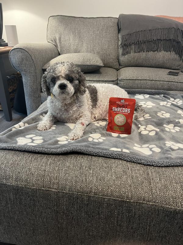My two standard poodles love the Stella & Chery's Shredrs Chicken and Duck on top of their dry kibble. It guarantees a clean bowl.
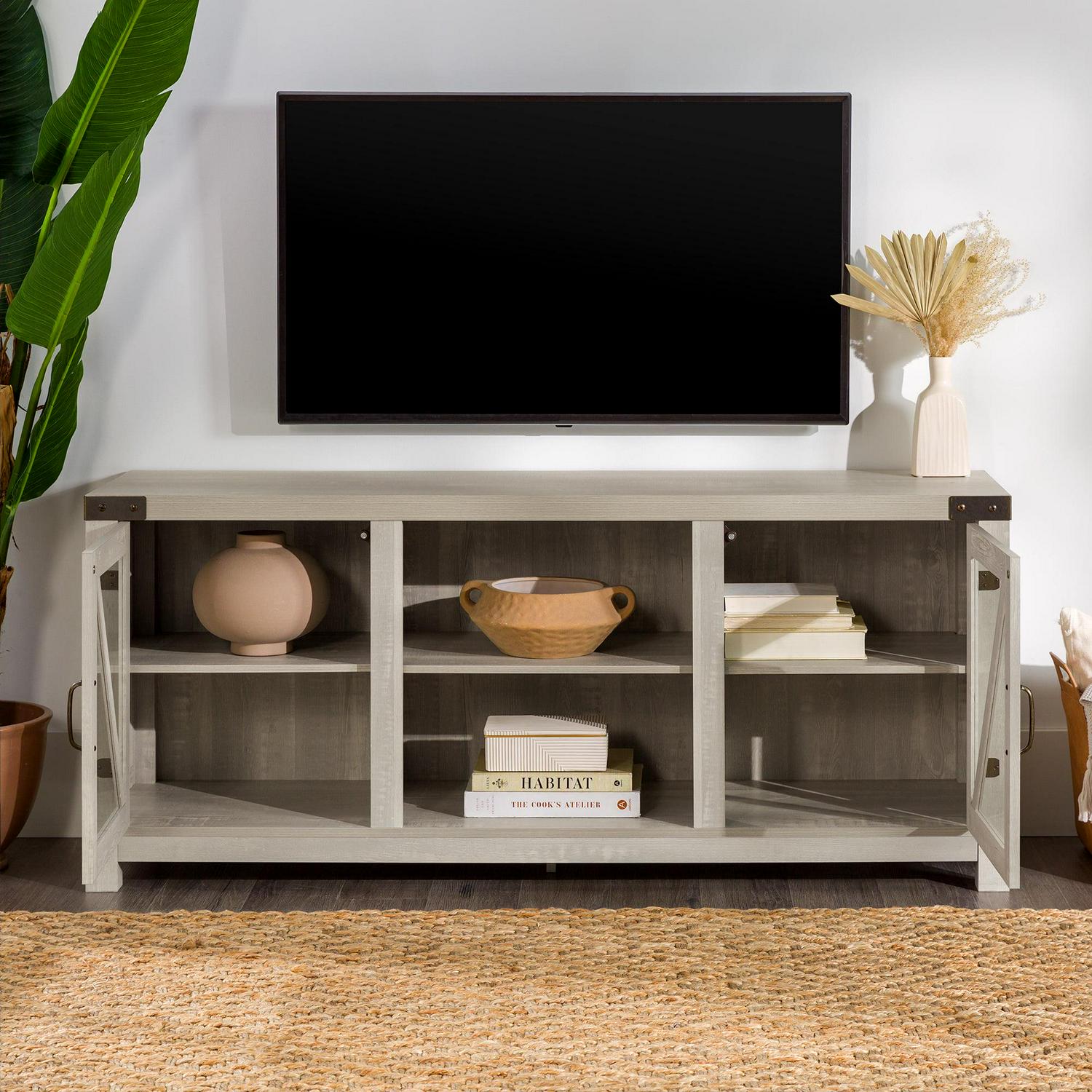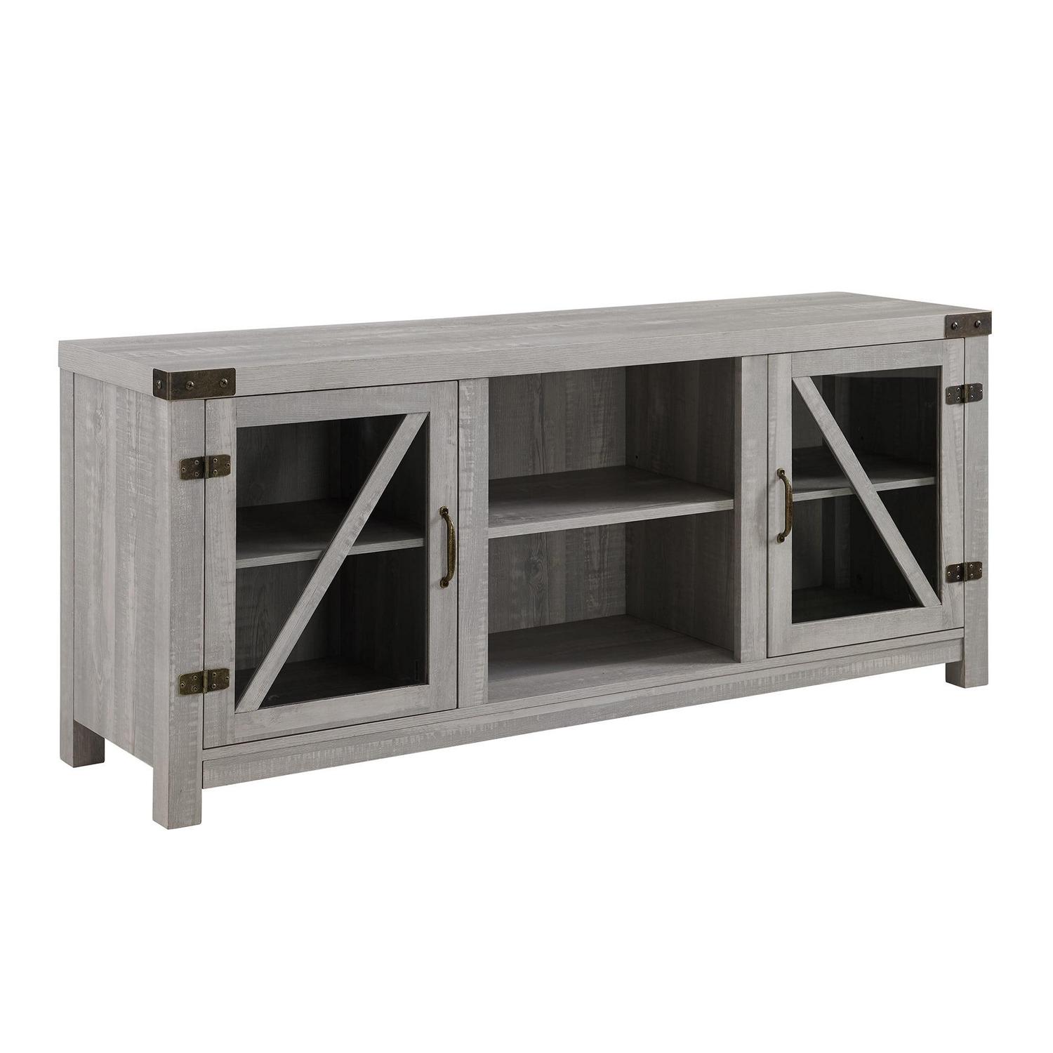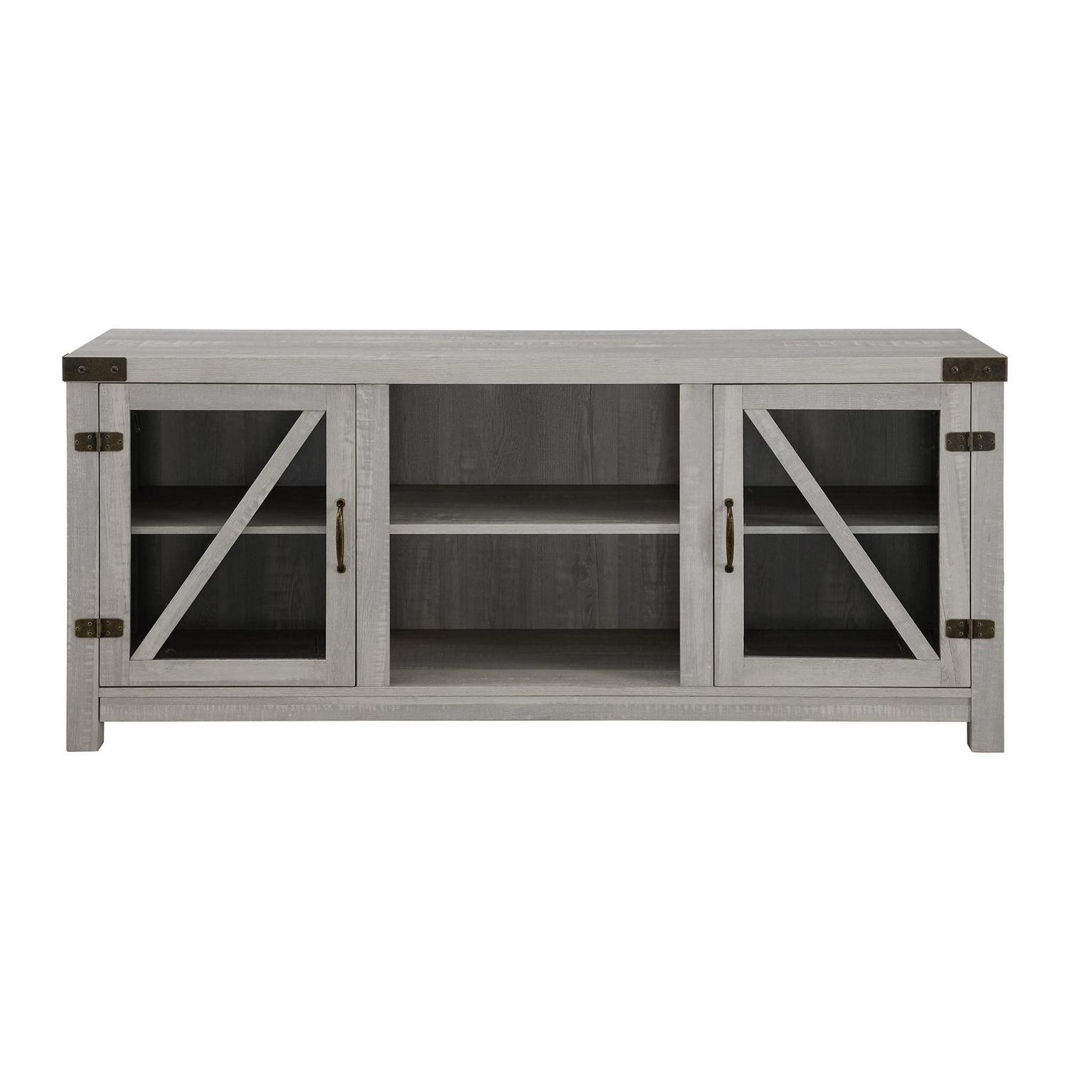 Modern Farmhouse Glass Door TV Stand for TVs up to 65 , Stone Grey
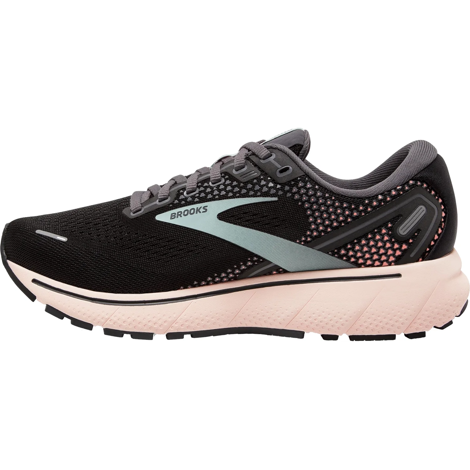 These Brooks Ghost 14 Black/Pearl/Pink Mesh Women's Shoes have the following features:
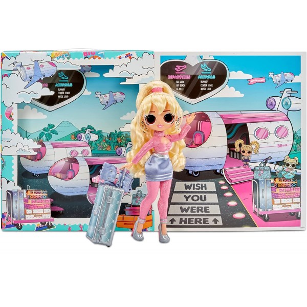La confezione include: 1 bambola alla moda OMG, vestito, accessori, orecchini, scarpe, bagaglio, fascia per assistente di volo, fibbia della cintura, passaporto, spazzola, borsa portabiti, appendiabiti, supporto per bambola e confezione riutilizzabile
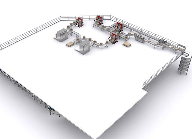 После того, как короба заполнены, они поднимаются на элеваторе на верхний этаж, затем автоматически закрываются и доставляются на конвейерных лентах и нисходящую спираль в зону готовой продукции.

=-=-=

- [About this task] Return only the lines from the one that contains "These Brooks Ghost" through the closing line of the data, inclusive, reproduced exactly and with every picture left out.

- [Written response]
 These Brooks Ghost 14 Black/Pearl/Pink Mesh Women's Shoes have the following features:
La confezione include: 1 bambola alla moda OMG, vestito, accessori, orecchini, scarpe, bagaglio, fascia per assistente di volo, fibbia della cintura, passaporto, spazzola, borsa portabiti, appendiabiti, supporto per bambola e confezione riutilizzabile
 После того, как короба заполнены, они поднимаются на элеваторе на верхний этаж, затем автоматически закрываются и доставляются на конвейерных лентах и нисходящую спираль в зону готовой продукции.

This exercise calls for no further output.